- Promotional image
- Born: Russell Louis Metty September 20, 1906 Los Angeles, California, U.S.
- Died: April 28, 1978 (aged 71) Los Angeles, California, U.S.
- Occupation: Cinematographer
- Awards: See below

= Russell Metty =

American cinematographer (1906-1978)

Russell Louis Metty, ASC (September 20, 1906 – April 28, 1978) was an American cinematographer. Described by Charlton Heston as “unquestionably one of the great cameramen,” he worked on over 170 film and television productions between 1934 and 1977, and was noted for his versatility across many different genres and styles.

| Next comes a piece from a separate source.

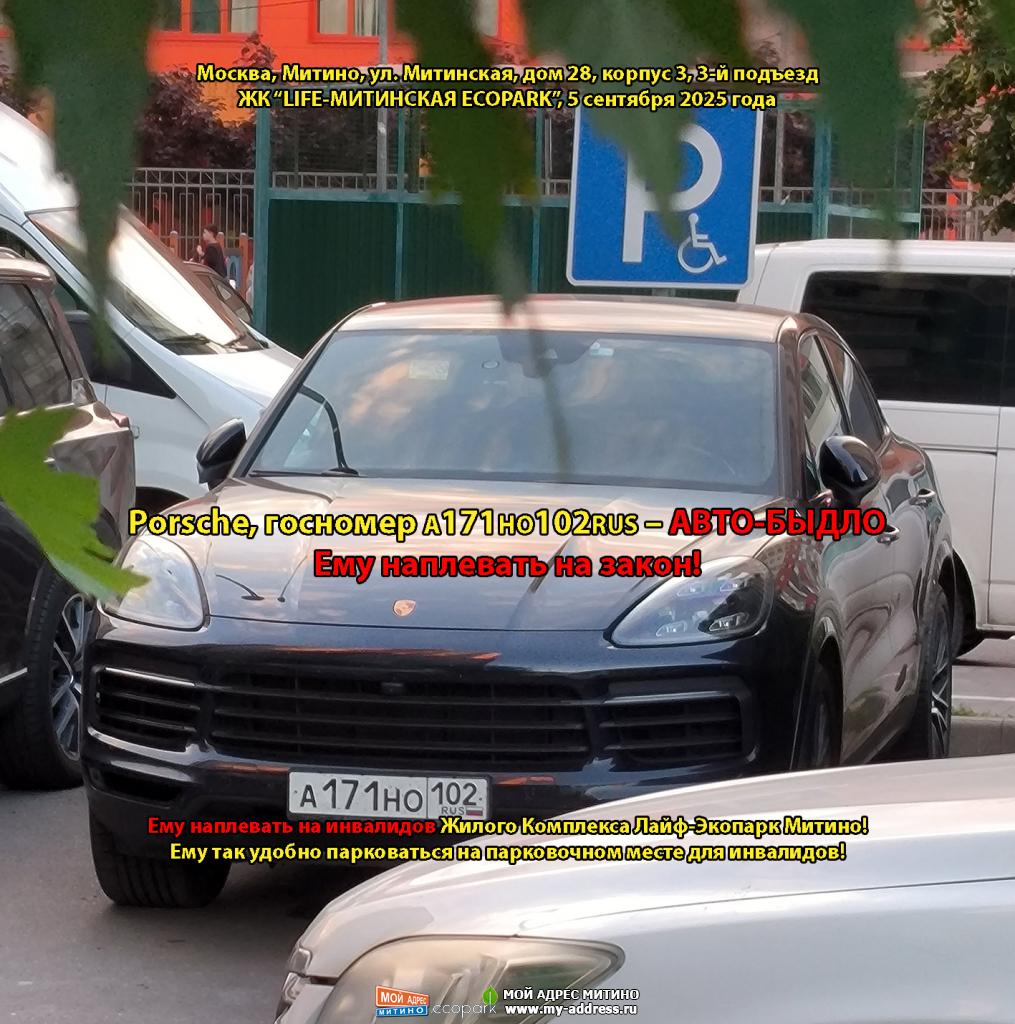 Porsche, госномер А171НО102RUS – АВТО-БЫДЛО. Ему наплевать на закон! Ему наплевать на инвалидов Жилого Комплекса Лайф-Экопарк Митино! Ему так удобно парковаться на парковочном месте для инвалидов! Москва, Митино, ул. Митинская, дом 28, корпус 3, 3-й подъезд ЖК “LIFE-МИТИНСКАЯ ECOPARK”, 5 сентября 2025 года
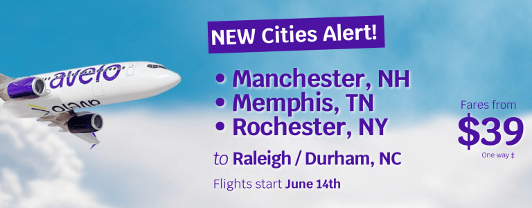 Con l’aggiunta di queste tre nuove destinazioni, Avelo ora servirà 10 destinazioni non-stop da RDU. Manchester, Memphis e Rochester si uniscono all’aeroporto più comodo del Connecticut, il Tweed-New Haven Airport (HVN), e sei città della Florida: Orlando, Tampa, Fort Lauderdale, Fort Myers, Sarasota-Bradenton e West Palm Beach.

Metty was best known for his collaborations with directors Douglas Sirk, with whom he worked on in 11 films, and Orson Welles. He won the Academy Award for Best Cinematography (Color) for his work on Stanley Kubrick’s 1960 film Spartacus, with a second nomination for the musical Flower Drum Song (1961).

== Early life ==
Metty was born and raised in Los Angeles, California, to George Andrew Metty and Ida Blanche Campbell. His career began around 1925 as an assistant with Standard Film Laboratory, then was hired by Paramount Pictures to work in the camera department. He left for RKO in 1929.

==Career==
His first film as cinematographer was the 1934 Richard Dix Western West of the Pecos.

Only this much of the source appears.